Democrat Kathleen C. Hochul now holds a six-point edge in the race for Congress in the 26th district, the latest poll in the race found late Sunday.
Conducted by the Democratic firm Public Policy Polling, the poll shows Hochul with 42 percent, Republican Jane L. Corwin with 36 percent and independent "Tea Party" candidate Jack Davis with 13 percent.
The results closely track those of a Siena Research Institute poll that on Saturday showed Hochul up by 4 points.
But unlike the Siena tally, the new poll of 1,106 likely voters shows Hochul with a lede well outside the margin of error of plus or minus 2.9 percent. PPP conducted the poll Saturday and Sunday.
“Kathy Hochul’s possible upset victory Tuesday is partially a reflection of an unusual three-way race,” said Dean Debnam, president of Public Policy Polling. “But it’s also indicative of the new Republican majority becoming very unpopular very fast. Barack Obama is more popular in this district than John Boehner.”
Boehner has a 28 percent favorability rating, the poll found -- not far from the 25 percent favorability rating that an earlier poll found for former Democratic Speaker Nancy Pelosi. Boehner recently campaigned for Corwin in Lancaster, while Republicans are trying to paint Hochul as a puppet whose strings would be pulled by Pelosi.
Corwin's unpopularity -- a key factor in the Siena poll -- showed itself again in the new poll.

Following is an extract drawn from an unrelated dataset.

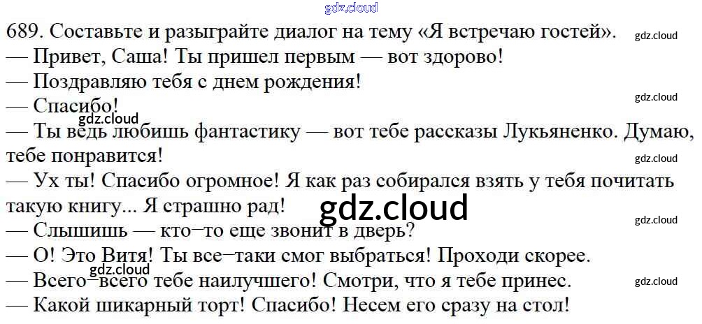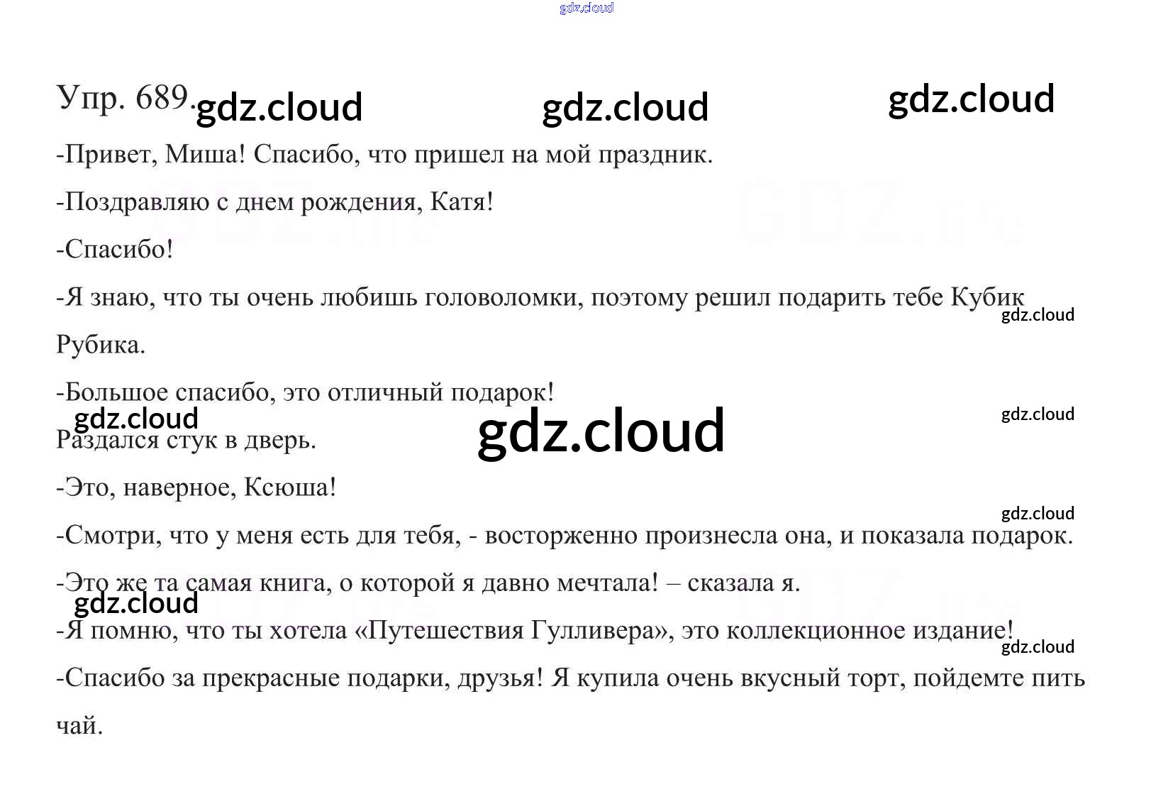 Ответ на задание 689 Учебник Русский язык за 5 (пятый) класс Баранов, Ладыженская, Тростенцова, Кулибаба, Григорян 2016, 2019 Часть 1, 2

Some 52 percent of those surveyed had an unfavorable view of Corwin, the PPP poll found.
Davis fared even worse, with 62 percent of voters viewing him negatively.
But as for Hochul, only 37 percent have a negative view of her, while 51 percent viewed her positively.
GIven that the district's enrollment is heavily Republican, there are still ways Corwin could win, the polling firm noted. Most notably, Davis' support is collapsing, and if it continues to do so, Corwin could benefit if those voters flock to her.
"A Hochul win is by no means certain- the race remains very close, special elections are tricky to poll, and three-way races are even trickier to poll," said Tom Jensen, director of Public Policy Polling. "But the fact that we're even talking about this race is a reflection of how far out of favor the new GOP House majority already is with the voting public."
Unlike the Siena poll, which found Medicare to be the key issue in the race, the PPP included no detailed questions about which issues are pushing voters one way or another.
Public Policy Polling, which did an earlier poll in the race for the Daily Kos website and a labor union, did this poll independently. The polling firm noted that while it polls for Democrats, New York Times polling guru Nate Silver found that its 2010 election polling skewed slightly toward the Republicans.